Geçmişte Silifke çevresinde köy düğünlerini aynı köyden veya yöreden Yörükler çalardı. Sonradan düğün çalma geleneği Say mahallesinde yaşayan kardeşlerimize düştü. Şimdilerde ise davul, klarnet, keman olan geleneksel çalgılarımızla düğün yapımı azaldıkça org çalabilen herkes düğün çalgıcısı oldu.
Köyümüzde uzun bir yani bir haftaya yayılan düğün geleneği içinde kadınlar cümbüşünün ayrı bir yeri vardı. Belki de bu eğlenceye kadınlar cümbüşü denmesinin bir özelliği de bizim çevremizde cümbüş ustası Pazarkaşılı Mehmet Emin amcanın cümbüşü ile düğüne renk katıp kadınları da eğlendirmesiydi.
Babama sorduğumda kendi düğününü Mehmet Emin ve arkadaşlarının çaldığını söylerdi. Yine aslı Bahçederesi Kayabaşı’ndan olan Kemeneci Ellezin ve gündüzler köyünden Yel Mustafa’nın da düğün çaldığını duymuştum. Çataklılar , Kavaklılar ise halen bu işin ustası.

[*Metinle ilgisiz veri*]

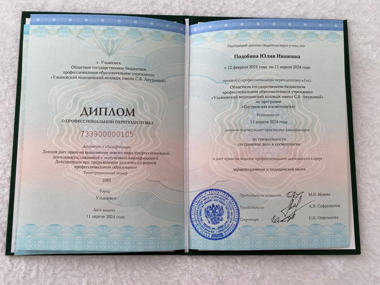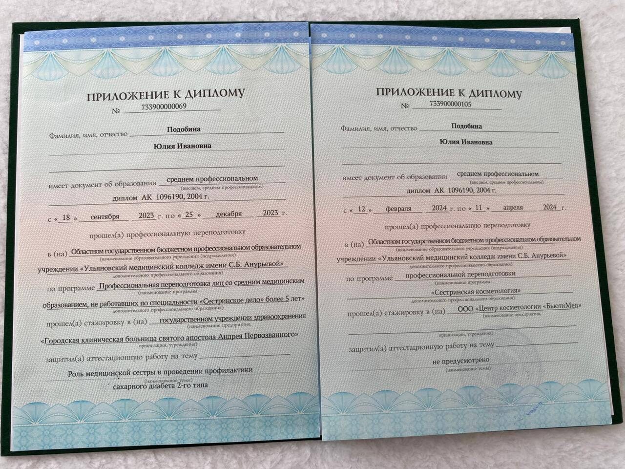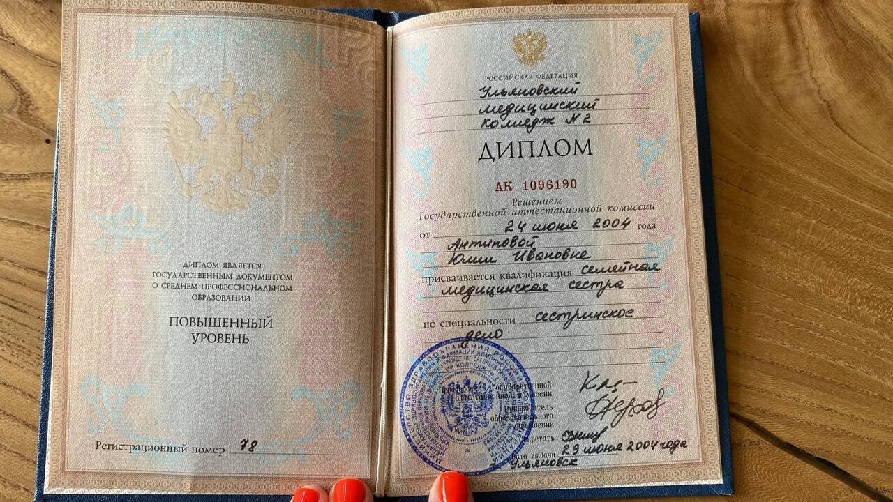 2000-2004 году закончила Ульяновский медицинский колледж по специальности сестринское дело, квалификация семейная медицинская сестра .

Bizim köyün köy cümbüşünü geleneksel köy türkülerini bilen kadınlar çalsa da, çocukluğumda çoğunun Delbek veya Leğen çalarak kendilerini eğlendirmesi için Koca Teslimeyi çağırır ona yaptırırlardı. Ben de birçok kez küçükken köy cümbüşünün yapıldığı gelin evinin yüklüğünden Koca Teslimeyi seyretmiştim. Koca teslimenin Delbek ve Leğen çalarak kadınları oynatışı sırasında çaldığı şu oyun havası belki de hepiniz bilirsinizdir hiç aklımdan gitmez.

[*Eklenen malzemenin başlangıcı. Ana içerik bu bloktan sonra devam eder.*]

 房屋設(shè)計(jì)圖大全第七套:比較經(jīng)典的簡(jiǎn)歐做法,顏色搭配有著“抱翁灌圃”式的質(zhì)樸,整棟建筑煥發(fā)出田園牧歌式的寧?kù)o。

Çayıra da çattım çatmayı, çağırın gelsin Fatmayı
Fatma nerden öğrenmiş çifte de göbek atmayı
İşte o zaman köy kadınları iki ellerini birleştirerek şırak şırak diye parmaklarını taklatarak ve çifte göbek atarak bu oyunu oynarlardı. Bazen de kenarda köşede kalmış genç kızları ortaya çeker onları da oynatırlardı. SSonuçta öyle güzel oyunlar oynanırdı ki , ( Ayşe de amma döktürdü h, Fatma da bu işi ne güzel bilirmiş.) gibi yorumlar ortaya çıkardı.
Gelelim İnceoğullarından Cin Kerimoğlu Kara Mustafa’ya. Daha önce yazdığım yazılarda Kara Mustafa7nın ocak başı eğlencelerinde köy çocuklarını eğlendirdiğini söylemiştim. İşte Kara Mustafa emmi bir diğer namı ile Soğukçu , ‘’ Çayıra çattım Çatmayı.’’ uzun uzun çocuklara çalar ve içine nükteli sözler katarak bizleri eğlendirirlerdi.

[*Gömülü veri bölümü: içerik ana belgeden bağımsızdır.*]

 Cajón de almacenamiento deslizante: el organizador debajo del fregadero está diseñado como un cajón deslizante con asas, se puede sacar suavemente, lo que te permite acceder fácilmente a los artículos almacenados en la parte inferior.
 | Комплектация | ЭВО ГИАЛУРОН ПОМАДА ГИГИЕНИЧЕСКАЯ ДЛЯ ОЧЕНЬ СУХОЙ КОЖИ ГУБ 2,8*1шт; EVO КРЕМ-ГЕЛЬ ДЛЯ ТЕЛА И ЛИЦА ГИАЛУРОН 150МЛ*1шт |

Ocak başına toplandığımızda büyükler ,’’Hadi Mustafa emmi. Şu fındısıyı bir çal da çocuklar bir oynasın. Bakalım.’’ Derlerdi. Mustafa emmi bazen leğen ile bazen de eliyle tempo tutarak fındısıyı şöyle söylerdi ,
‘’ Çayıra da çattım çatmayı çağırın gelsin Fatmayı
Fatma nerden öğrenmiş çifte de göbek atmayı
Fındısı fındısı fındısı oynayanın kendisi.
Davarımı sağdırdım , ak yakaya aldırdım
Ak yakaya geleni , koca köpeğe boğdurdum.
Fındısı fındısı fındısı koca köpeğin kendisi.
Ak yakanını davarı eşe bacının avarı
Koca köpeğe sorarsan bizim köyün zarı
Fındısı fındısı fındısı koca köpeğin kendisi.
Türkücü türkücü türünce, bir karı düşmüş sarınca
Ben ipi alıp gelinceye kadar, her yerini yemiş karınca
Fındısı fındısı fındısı ille de köpeğin kendisi
Fındısı fındısı fındısı ortada oynayanın kendisi
Derdi ve çocuklar hem oynar hem de eğlenirdi.